Pitkin County is planning to give a flat $1,000 bonus to its employees this summer, marking the first pay increase for government workers in three years.
The county commissioners included a 1.5 percent bonus for their employees in the 2012 budget. Salaries had been frozen in the county since the onset of the global recession — last giving a 4 percent wage increase in 2009.
When it was passed in the budget last year, the bonuses were described as “merit-based,” providing a rewards system for good employees. But a county committee found that without an established system of determining “merit” in place at the county, a flat pay-out would be more fair.

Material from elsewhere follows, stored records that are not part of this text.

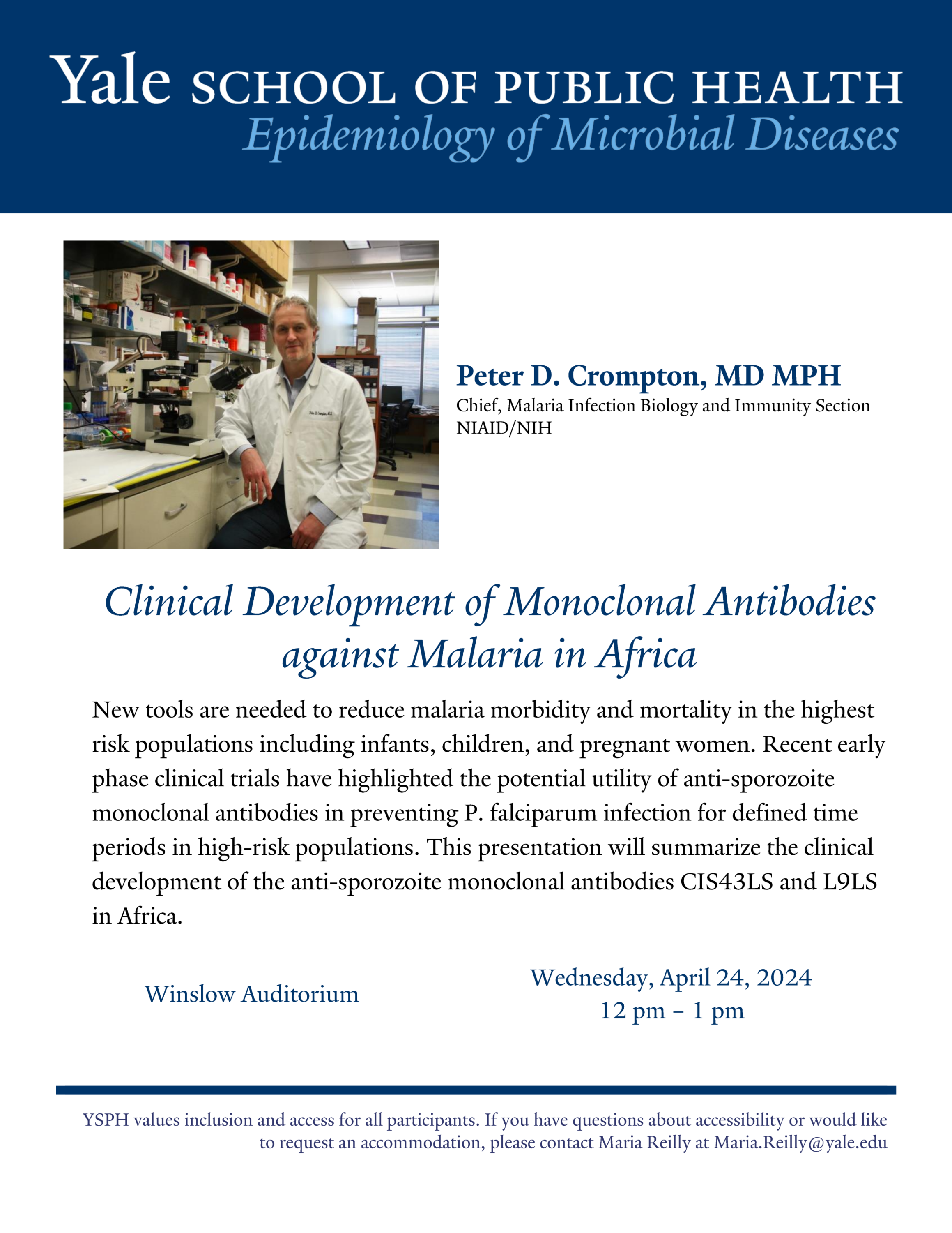 EMD Malaria Day Seminar: Peter Crompton, "Clinical Development of Monoclonal Antibodies against Malaria in Africa"
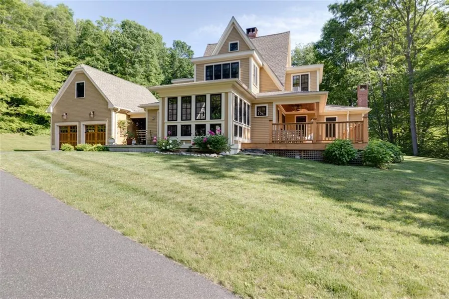 Privacy abounds this lovely home in a peaceful setting. Built in 2009, this is an ideally sized 1-1/2 story country house with lots of light, very efficient and affordably maintained. Home has beautiful four-season exposure to the outdoors with an abundance of windows, French doors, two covered porches and an open deck. Home sits on a knoll accessed by winding paved driveway with a stone bridge. Interior features a second story master bedroom suite with fireplace and master bathroom. The second bedroom is downstairs with fireplace and adjoining study. Wood stove in the family room and a full unfinished basement for limitless uses. Additional living space includes a large partially finished bonus room above a two-car heated garage. The detached guest cottage includes a kitchen, full bath, bedroom and enclosed porch. Shed at the entrance to the property with underground utilities and wood ...
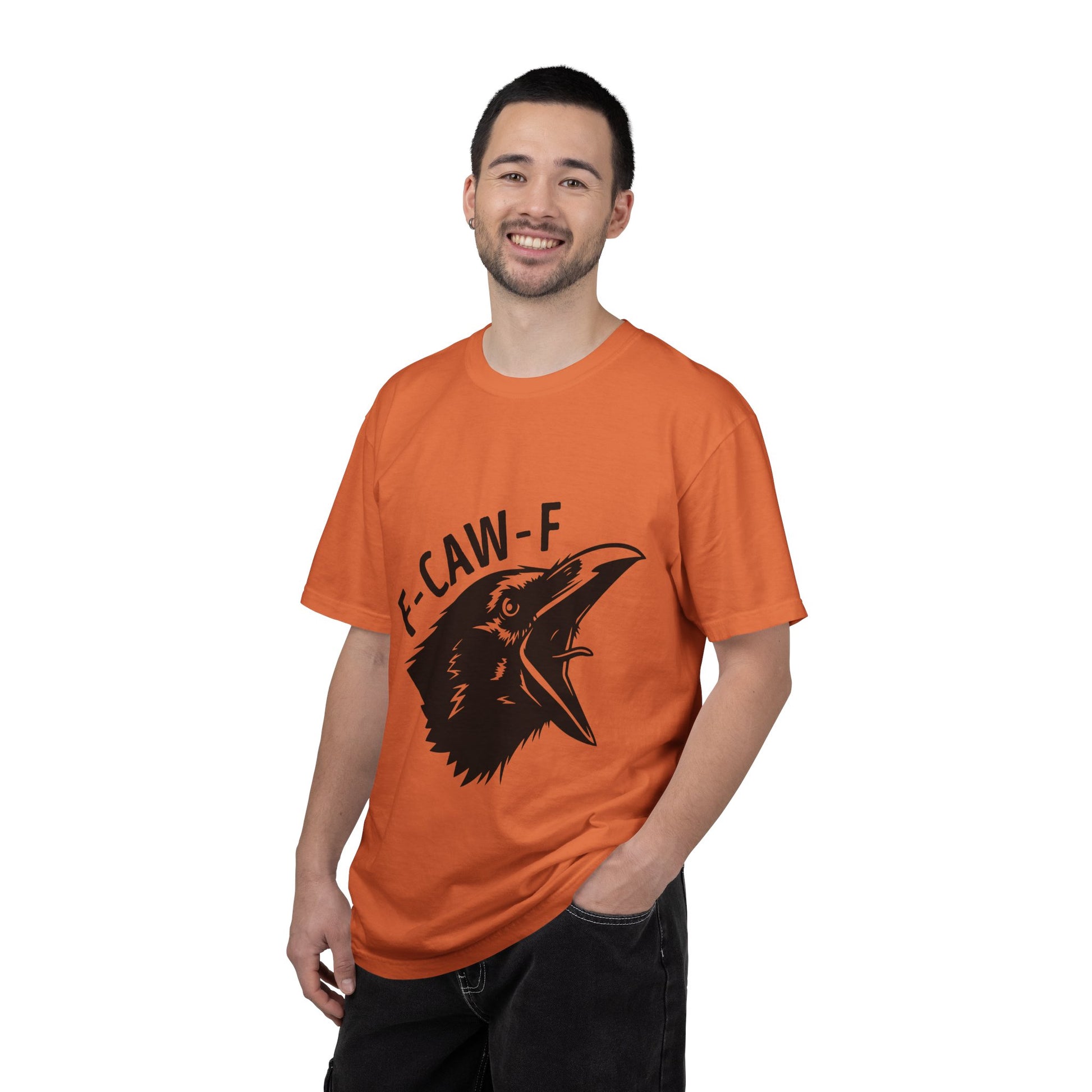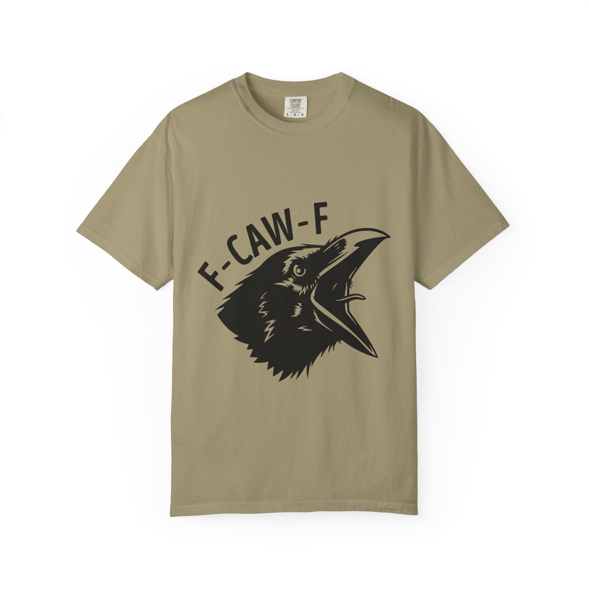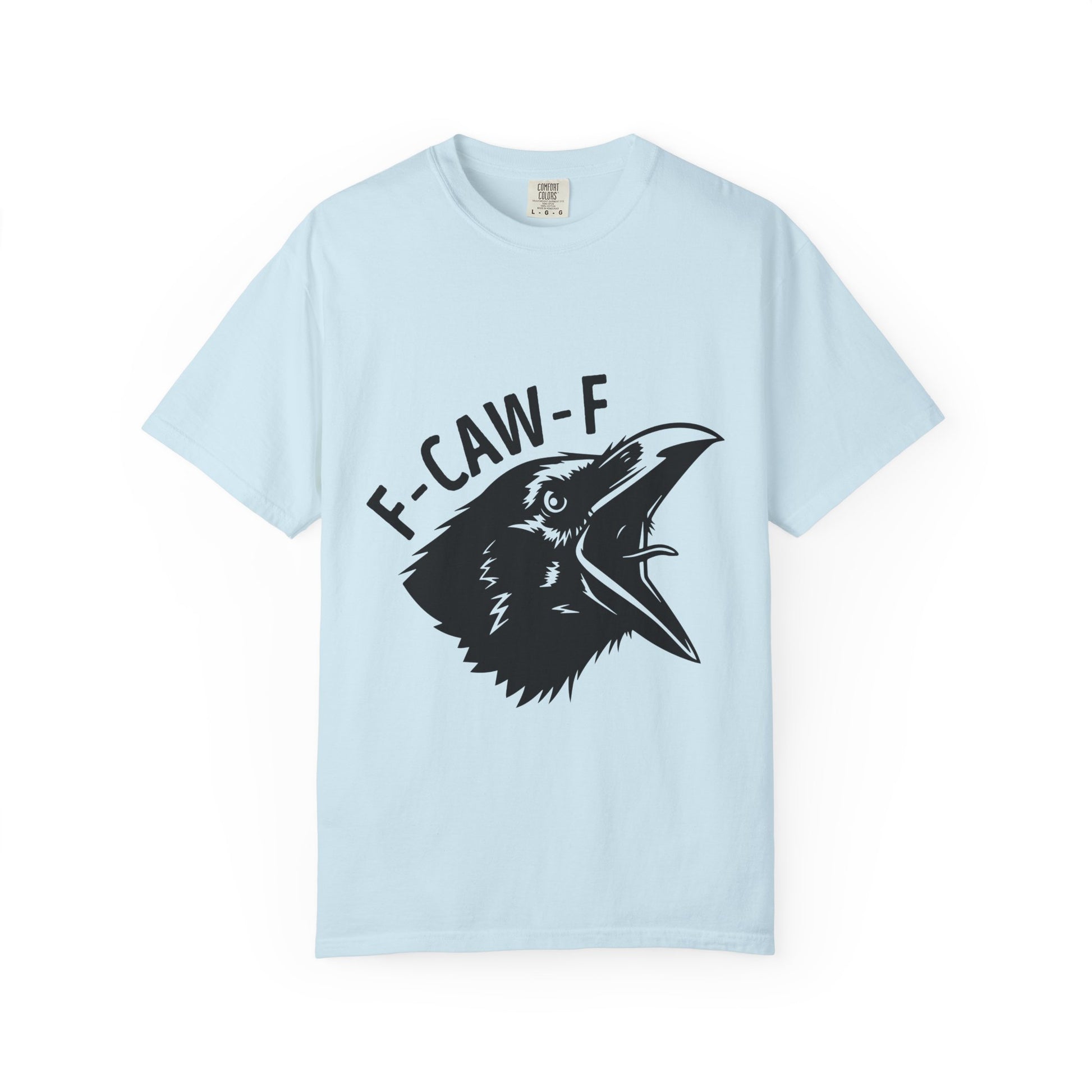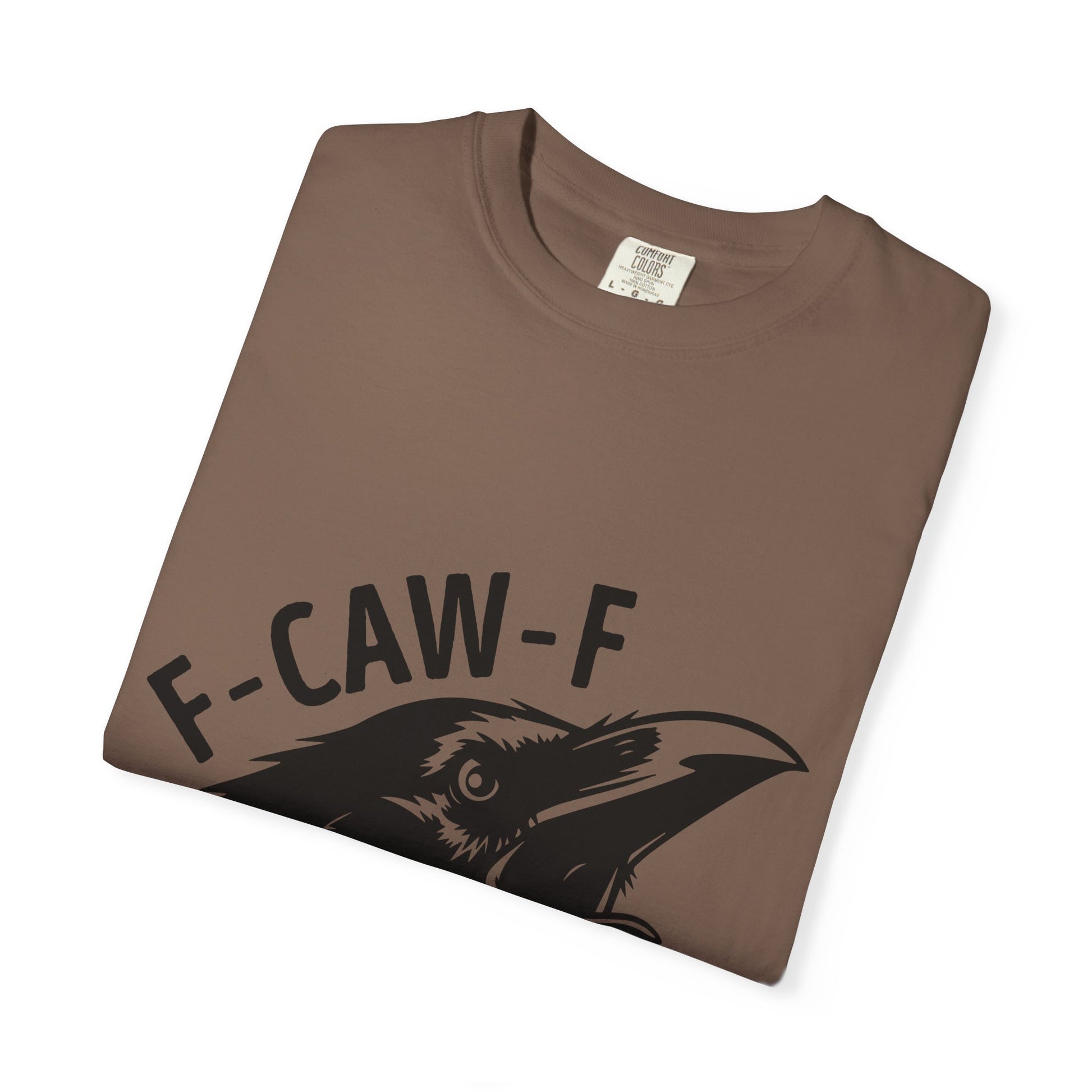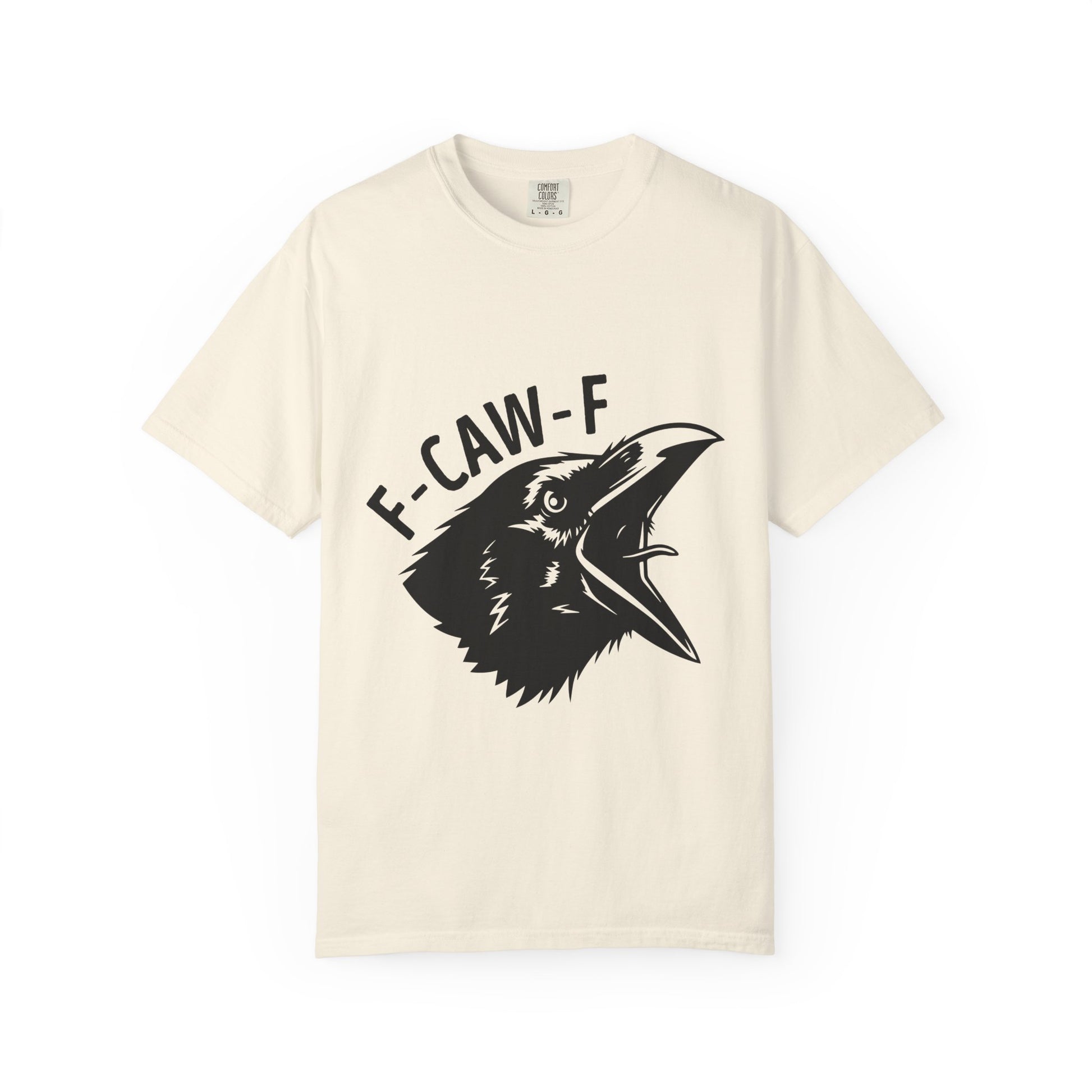 A soft garment-dyed tee with a bold raven graphic and cheeky lettering that reads “F-CAW-F.” The relaxed fit and medium-weight 100% ring-spun cotton drape comfortably for everyday wear. The print’s stark black-on-white contrast gives this shirt a slightly punk, irreverent edge — great for people who like their humor sharp and their style uncomplicated. Wear it while wandering city streets, grabbing coffee with friends, or at low-key shows; it carries a sly sense of mischief without trying too hard.

“We were really asked to figure out what is the fair and equitable thing to do with this 1.5 percent,” said Dannette Logan, county human resources director and chair of the volunteer compensation committee.
The county convened 13 employees from 11 different departments to devise the best way to distribute bonuses. They met throughout the spring, and settled on the flat bonus as the fairest means of rewarding all employees.
They considered several other options, among them was what came to be known as the “Robin Hood effect,” when bonus money would be taken from employees with salaries over $100,000 and redistributed to lower-salaried staffers.
The committee will begin working on a strategy for merit-based employee bonus evaluations this week, Logan said. They also meet with the Pitkin County commissioners today, to inform the board of the bonus plan.
“We feel that it’s kind of a good lead into a re-introduction of a merit bonus plan,” Logan said. “The organization is moving toward a pay-for-performance structure.”
Bonuses are scheduled to be paid next month, distributing 1.5 percent of the payroll to employees through the $1,000 checks. It amounts to more than $300,000 in county funds.
The county commissioners unanimously supported the bonuses last fall. After three years of frozen wages, county officials worried that they would lose quality employees — or the ability to recruit high-caliber new workers — without a bump in pay.
The stagnant paychecks offered employees a decreasing salary value, Pitkin County Manager Jon Peacock noted in budget discussions last year, due to ongoing inflation.
Pitkin County’s bonuses are conservative compared to other local public entities, including the city of Aspen, which gave a “cost of living” wage increase last year with a 2 percent raise. Also last year, the town of Snowmass Village gave employees a 3 percent raise, and Eagle County gave a 4 percent raise. Garfield County last year gave an effective 2.5 percent raise, paid into benefits.
District Attorney Martin Beeson sought a 2 percent wage increase for employees in his tri-county district, but the Pitkin County commissioners failed to support it. In response, the DA budgeted 1.5 percent end-of-year bonuses.